Moreover, all statements herein reciting principles, aspects, and embodiments of the present principles, as well as specific examples thereof, are intended to encompass both structural and functional equivalents thereof. Additionally, it is intended that such equivalents include both currently known equivalents as well as equivalents developed in the future, i.e., any elements developed that perform the same function, regardless of structure.

Thus, for example, it will be appreciated by those skilled in the art that the block diagrams presented herein represent conceptual views of illustrative circuitry embodying the present principles. Similarly, it will be appreciated that any flow charts, flow diagrams, state transition diagrams, pseudocode, and the like represent various processes which may be substantially represented in computer readable media and so executed by a computer or processor, whether or not such computer or processor is explicitly shown.

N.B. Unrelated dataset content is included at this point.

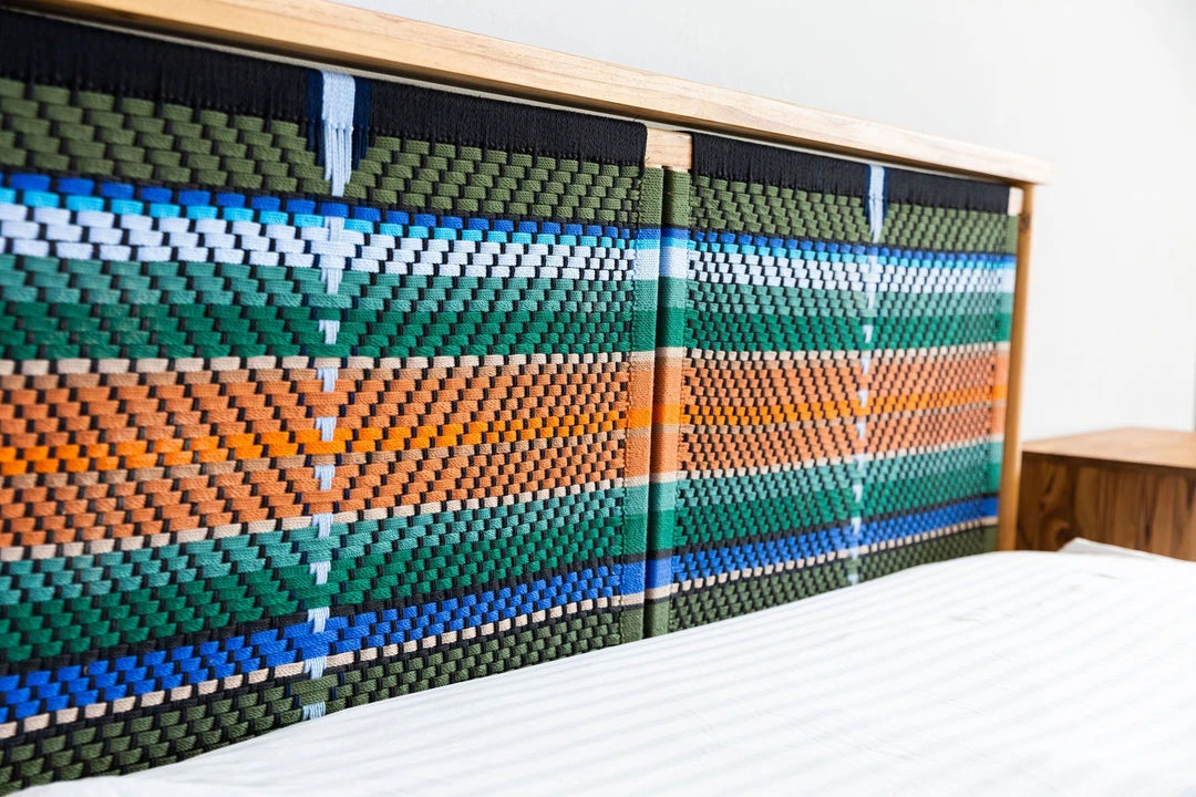 The Mot Mot pattern of this bed is inspired by the colors of the Guardabaranco or “Mot Mot” bird which is the national bird of Nicaragua. Its colorful pattern is further complemented by a solid wood frame. Add it to any bedroom for a pop of color.

The functions of the various elements shown in the figures may be performed through the use of dedicated hardware as well as hardware capable of executing software in association with appropriate software. When performed by a processor, the functions may be performed by a single dedicated processor, by a single shared processor, or by a plurality of individual processors, some of which may be shared. Moreover, explicit use of the term “processor” or “controller” should not be construed to refer exclusively to hardware capable of executing software, and may implicitly include, without limitation, digital signal processor (“DSP”) hardware, read-only memory (“ROM”) for storing software, random access memory (“RAM”), and non-volatile storage.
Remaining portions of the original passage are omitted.